Top of Given records

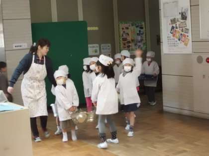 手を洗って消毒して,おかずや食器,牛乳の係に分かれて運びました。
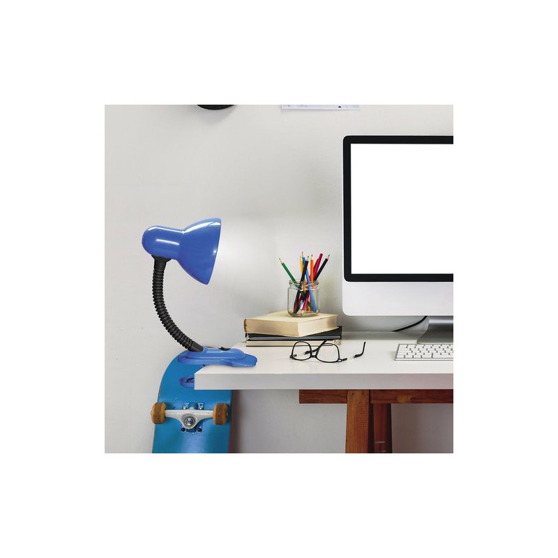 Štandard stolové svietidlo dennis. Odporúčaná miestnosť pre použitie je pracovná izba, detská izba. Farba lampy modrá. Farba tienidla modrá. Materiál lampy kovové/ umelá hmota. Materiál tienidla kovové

Bottom of Given records
Top of Given records

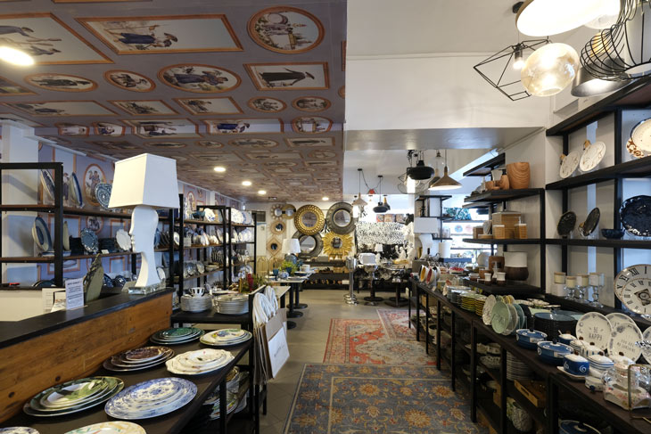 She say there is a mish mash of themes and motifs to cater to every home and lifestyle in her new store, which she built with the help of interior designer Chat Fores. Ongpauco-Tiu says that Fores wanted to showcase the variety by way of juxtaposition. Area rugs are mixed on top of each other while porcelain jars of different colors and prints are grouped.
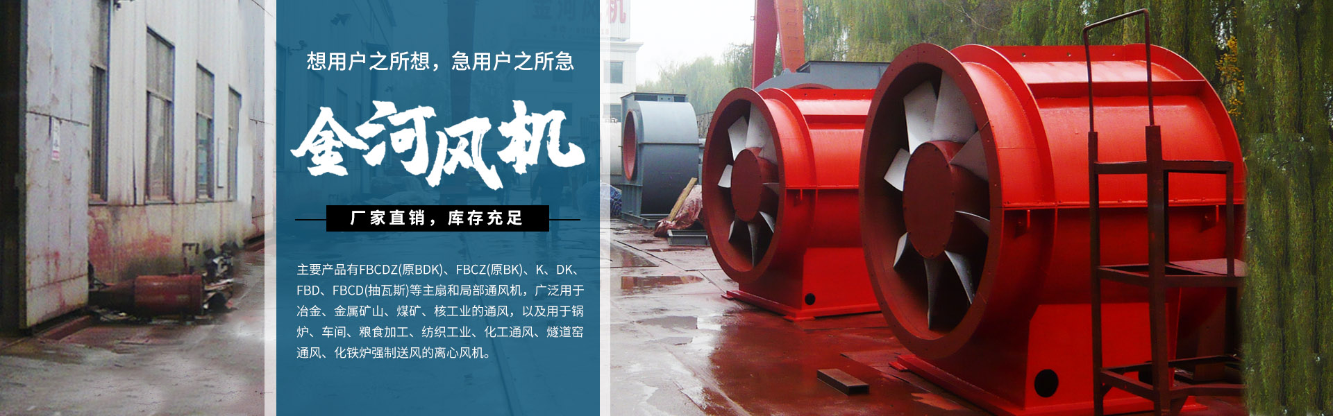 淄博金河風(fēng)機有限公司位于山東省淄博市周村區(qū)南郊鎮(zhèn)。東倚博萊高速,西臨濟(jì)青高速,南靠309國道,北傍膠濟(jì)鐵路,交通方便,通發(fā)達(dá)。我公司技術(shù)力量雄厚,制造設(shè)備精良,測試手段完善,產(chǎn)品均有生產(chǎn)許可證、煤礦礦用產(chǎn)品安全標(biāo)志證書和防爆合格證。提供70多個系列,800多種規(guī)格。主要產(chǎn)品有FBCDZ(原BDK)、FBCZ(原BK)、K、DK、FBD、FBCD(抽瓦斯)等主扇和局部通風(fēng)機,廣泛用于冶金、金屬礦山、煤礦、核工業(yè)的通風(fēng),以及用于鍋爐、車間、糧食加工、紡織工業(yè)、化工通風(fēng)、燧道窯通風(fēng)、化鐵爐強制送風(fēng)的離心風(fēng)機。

Bottom of Given records

→ Exercise
Look above and copy only the lines from the one holding "She say there" to the one holding "淄博金河風(fēng)機有限", both included, exactly, minus the pictures.

→ Result for this task
 She say there is a mish mash of themes and motifs to cater to every home and lifestyle in her new store, which she built with the help of interior designer Chat Fores. Ongpauco-Tiu says that Fores wanted to showcase the variety by way of juxtaposition. Area rugs are mixed on top of each other while porcelain jars of different colors and prints are grouped.
 淄博金河風(fēng)機有限公司位于山東省淄博市周村區(qū)南郊鎮(zhèn)。東倚博萊高速,西臨濟(jì)青高速,南靠309國道,北傍膠濟(jì)鐵路,交通方便,通發(fā)達(dá)。我公司技術(shù)力量雄厚,制造設(shè)備精良,測試手段完善,產(chǎn)品均有生產(chǎn)許可證、煤礦礦用產(chǎn)品安全標(biāo)志證書和防爆合格證。提供70多個系列,800多種規(guī)格。主要產(chǎn)品有FBCDZ(原BDK)、FBCZ(原BK)、K、DK、FBD、FBCD(抽瓦斯)等主扇和局部通風(fēng)機,廣泛用于冶金、金屬礦山、煤礦、核工業(yè)的通風(fēng),以及用于鍋爐、車間、糧食加工、紡織工業(yè)、化工通風(fēng)、燧道窯通風(fēng)、化鐵爐強制送風(fēng)的離心風(fēng)機。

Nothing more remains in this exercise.